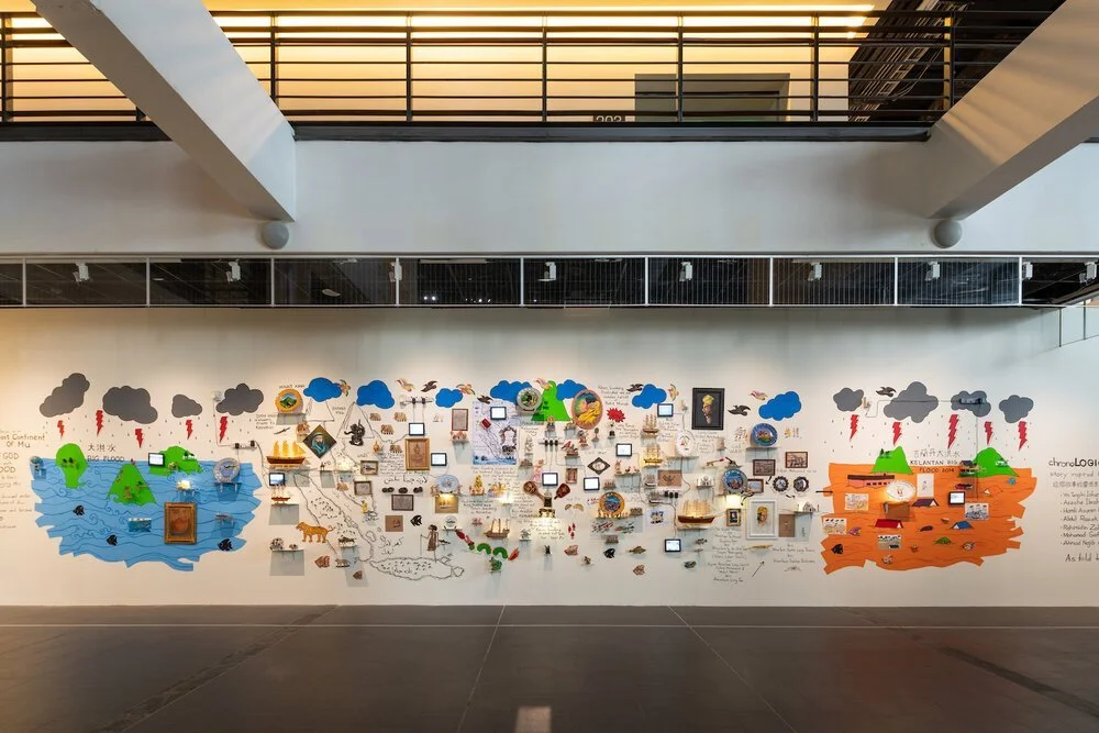 Roslisham Ismail (a.k.a ISE), ChronoLOGICal, 2018, mixed media installation with video, drawing and participatory object, dimensions variable, exhibition installation view. Image courtesy of 2019 Asian Art Biennial.
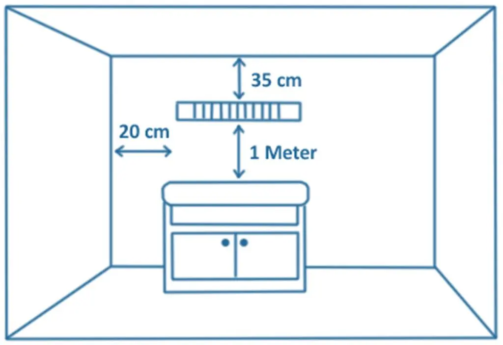 - Raumtemperatur: In einem warmen Raum kann ein größerer Abstand eingehalten werden als in einem kühlen Raum.
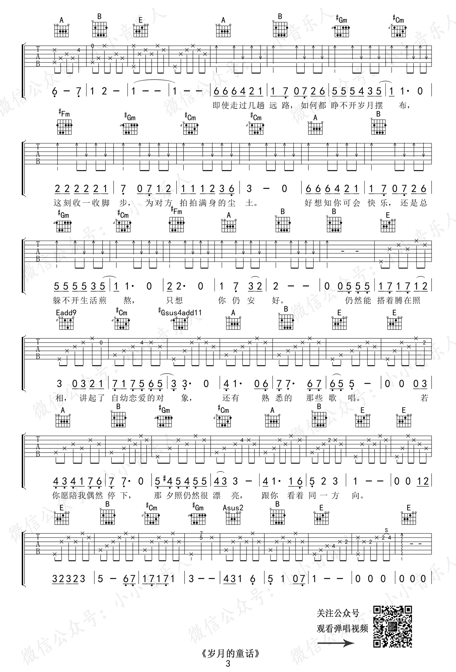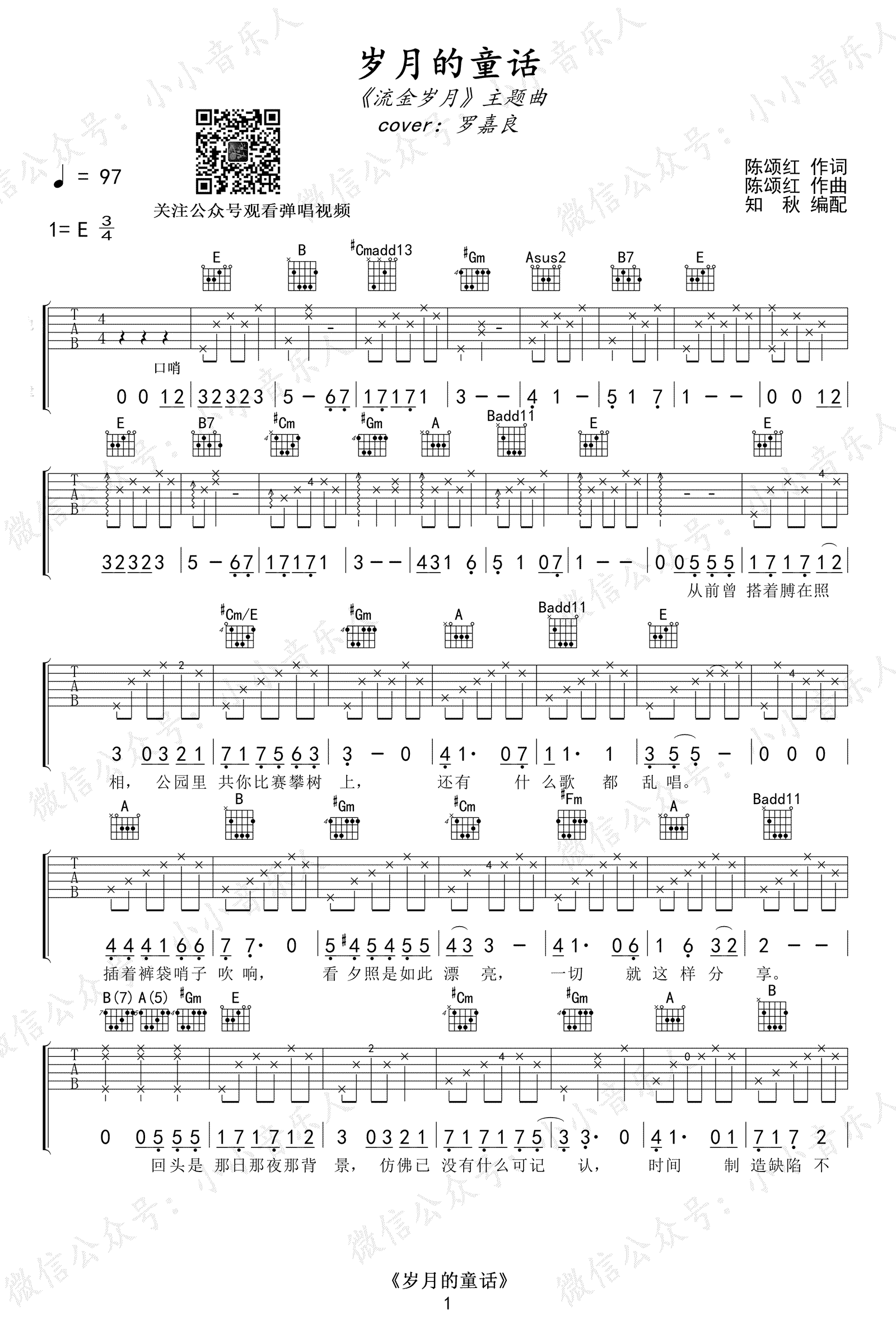 曲谱介绍: 《岁月的童话》,罗嘉良演唱,TVB电视剧《流金岁月》的主题曲,岁月的童话六线谱,三张图片谱,知秋编配出品,琴谱网网更新上传。“插着裤袋哨子吹响,看夕照是如此漂亮。”当熟悉的口哨声想起,你是否会回忆起荧屏里那一幕幕流金岁月。 和编配说明:本曲根据原版E大调编配,原曲使用多把吉他合奏,本次编配只抽取节奏吉他,部分做加花处理,间奏编成指弹形式,因为E大调多使用封闭和弦,所以间奏演奏上有难度。伴奏部分可根据自己手指实际情况安排指法,比如前奏中的第一个#Gm和弦,视频中使用开放和弦形式,但是需要手指跨4品,以保证低音的准确。

__________________________________________________

In your copy, reproduce the data above exactly and skip every picture.

 Roslisham Ismail (a.k.a ISE), ChronoLOGICal, 2018, mixed media installation with video, drawing and participatory object, dimensions variable, exhibition installation view. Image courtesy of 2019 Asian Art Biennial.
 - Raumtemperatur: In einem warmen Raum kann ein größerer Abstand eingehalten werden als in einem kühlen Raum.
 曲谱介绍: 《岁月的童话》,罗嘉良演唱,TVB电视剧《流金岁月》的主题曲,岁月的童话六线谱,三张图片谱,知秋编配出品,琴谱网网更新上传。“插着裤袋哨子吹响,看夕照是如此漂亮。”当熟悉的口哨声想起,你是否会回忆起荧屏里那一幕幕流金岁月。 和编配说明:本曲根据原版E大调编配,原曲使用多把吉他合奏,本次编配只抽取节奏吉他,部分做加花处理,间奏编成指弹形式,因为E大调多使用封闭和弦,所以间奏演奏上有难度。伴奏部分可根据自己手指实际情况安排指法,比如前奏中的第一个#Gm和弦,视频中使用开放和弦形式,但是需要手指跨4品,以保证低音的准确。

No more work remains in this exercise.